Setup: build, release and deployments

We have forked prestosql/presto under lyft/presto and created the lyft-stable branch (adding additional cherry picks if needed). We have a private repository where we use saltstackand aws-orca scripts to roll out deployments to our environments. In this private branch we have added additional dependencies specific to our environment and have added integration tests that run on every update or pull request. We have dockerized this repo and use the Docker container as a development environment. On every new commit, we trigger the integration tests against the dev environment through Jenkins.

Here are the various components we use while releasing Presto to production.

Lyft’s presto query-log plugin: We have added a query logging and blocking plugin based on Presto-Event listener framework. We use EventListener to intercept when new query lands and we block a few types of queries that we deem harmful for system (eg. some tools actively cache column names and query system.jdbc.columns or catalog.information_schema.columns and cause additional overload on the system). We log query stats in both queryCreated and queryCompleted events, this helps us analyze success rate, latencies, various types of failures and their root causes etc.
Presto UDFs: We let our users add custom UDFs based on their needs if a function addressing the use case is not available in Presto. Some users have added custom geo functions based on their use cases.
Python-based stats collection: We are using datadog-agent lib and have added multiple checks to collect system/jvm/process stats metrics and push to statsd. We have statsd collector that collects and pushes the metrics further to Wavefront. We have setup various alerts and get paged through pagerduty when there is a threshold breach.
Tests suits: Before we roll a new presto version to production, there are multiple types of tests we run to ensure the quality of a release candidate.

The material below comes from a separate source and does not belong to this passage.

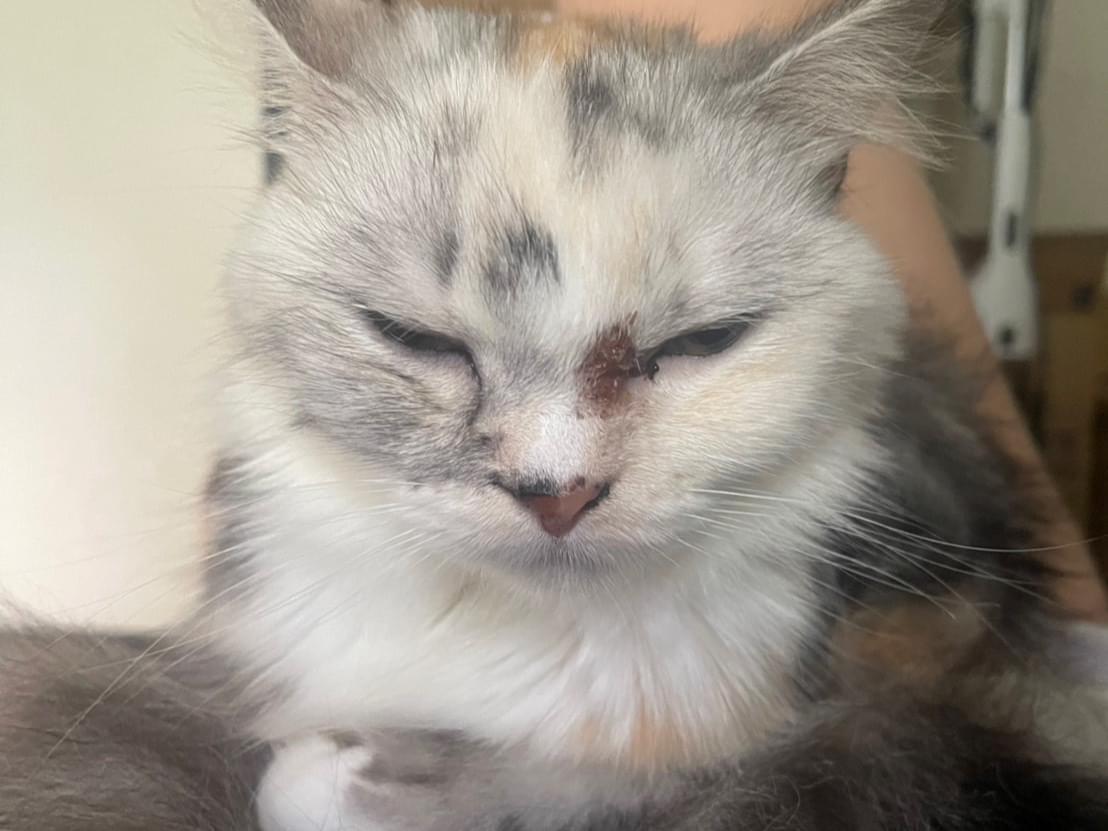 鼻の頭 左目の目頭付近に 持病の為膿が出て居て 傷がある

Following are the type of tests we run to ensure quality of each release.

a. Integration test suite — Runs Table-CRUD and UDF tests against each build, launching devbox docker container in Jenkins build task.

b. Replayer test suite — After rolling a release candidate to pre-prod, we launch day-long test with an older days worth queries, replaying in the same way as the queries had executed in the past. We feed the query log using our event logging pipeline and compare the performance with previously logged data.

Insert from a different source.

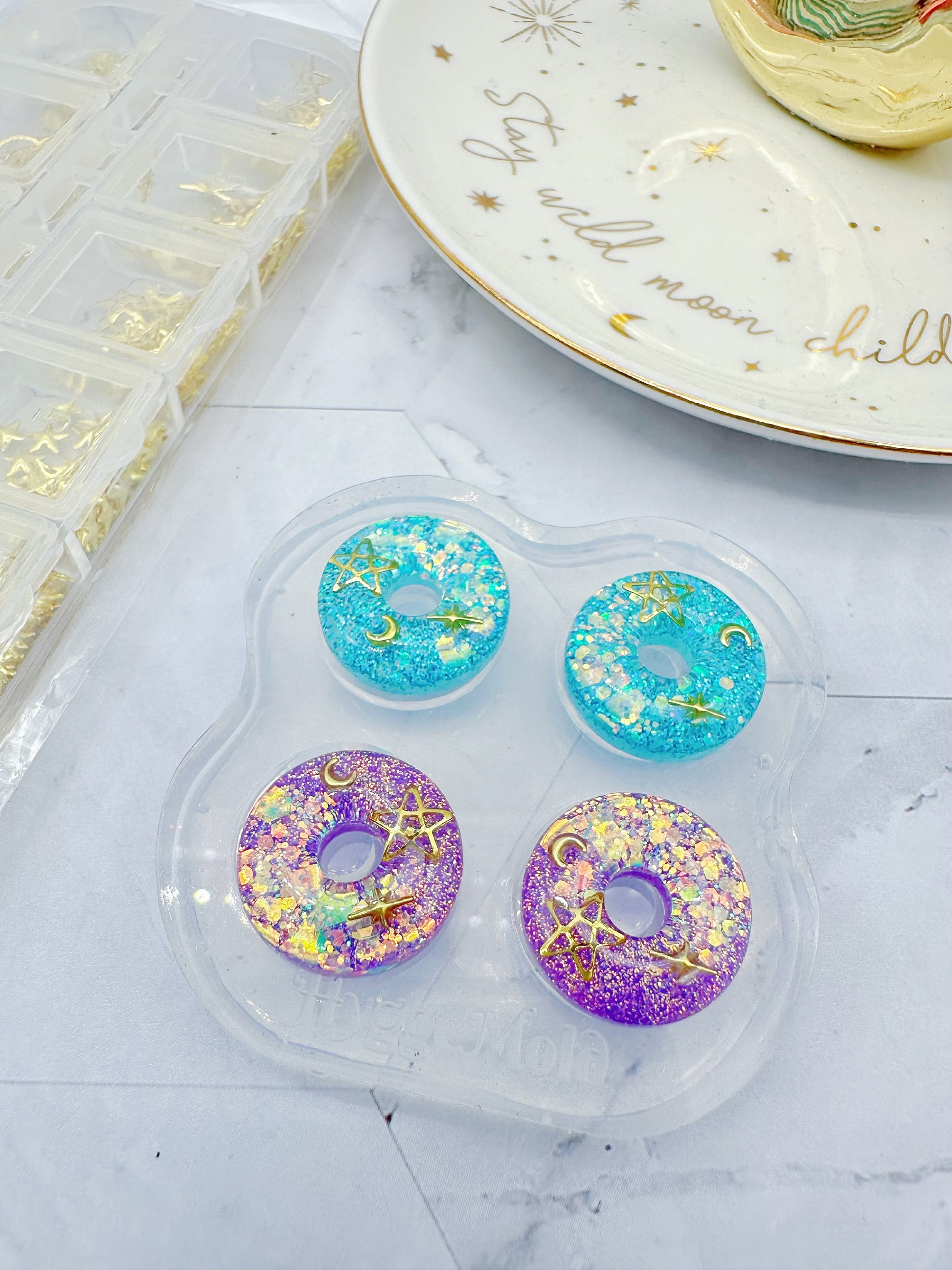 Although colored silicone molds with mica or glitter are very attractive, we usually don't recommend them because clear silicone molds give you a better vision as to what's going on inside e.g. trapped bubbles and so are more practical for resin artists. However, if you would like to get a colored mold, we have the pigment needed. Please contact us for more details.

c. Verifier test suite — Similar to replayer, we use presto-verifier to run static set of queries and run against old vs new versions. We move to this version if the performance results have not degraded.

5. PrestoInfra: collection of configurations and scripts to build and release deploy-able artifacts and saltstack scripts to rollout environment specific deployments.

6. PrestoProxy: a customized presto-gateway with lyft specific routing rules and overrides.

Presto production environment and configurations

We are running multiple presto clusters sharing load through presto-gateway, each 100+ worker nodes. The node specifications are as follows

Presto cluster configuration

Presto configurations

On each cluster, we have set 25 max query concurrency and 200 max query queuing with each running 4 queries max and 20 queries queuing per user. Each query has 30 min max run time limit and 10 minutes max execution time limit. We rotate the entire cluster once in a day to avoid long old gen GC build up. We let each query scan up to 1 TB max with each worker node loading up to 10 GB data. Below are exact configurations to achieve these settings.

Presto server properties

In Presto gateway coordinators can be assigned a routing group each, setting X-Presto-Routing-Group header would route that request to one of the clusters under that routing group. We have one cluster which runs with extended memory limits assigned nolimit routing group. User has to add a comment ` — higherlimit` in the query as a hint to indicate resource heavy query and presto-gateway routes that query to the cluster with higher resource limit.

JVM Configuration

We are running Java 11 on presto nodes. Java 11 has parallel GC for old gen phase, reducing the collection time significantly.

Following are the JVM configuration we are running presto processes with. With Java 11 upgrade, we were able to bring down Old gen GC pause in the order of a couple of seconds, where with Java 8 it was peaking in the order of 400 seconds crippling the service every once in a while.

Presto JVM config salt template

value for max_heap_size_mb is (0.6 * node_memory_mb) which is 114 GB on worker nodes.

Presto node recycle

Despite all the optimizations, presto consumes host resources over time and from our experiences we have learned that the longer the service runs, the slower it becomes. Old gen GC pause time increases with time as more and more queries execute on the cluster also we have noticed that a newer cluster yields better query performance as compared to an old cluster. Keeping that in mind, we have designed the infrastructure to recycle all the nodes in each cluster once every 24 hours.

We use PrestoGateway’s deactivate API to disable the cluster 30 minutes before scheduled shutdown time and activate the cluster 30 minutes after the scheduled start time through a cron providing no-downtime maintenance. Since we have set 30 min max run time per query ensuring no query loss during these operations. We are using aws-orca scripts to trigger AWS’s ScheduledActions to bring up or down entire presto cluster on a given schedule.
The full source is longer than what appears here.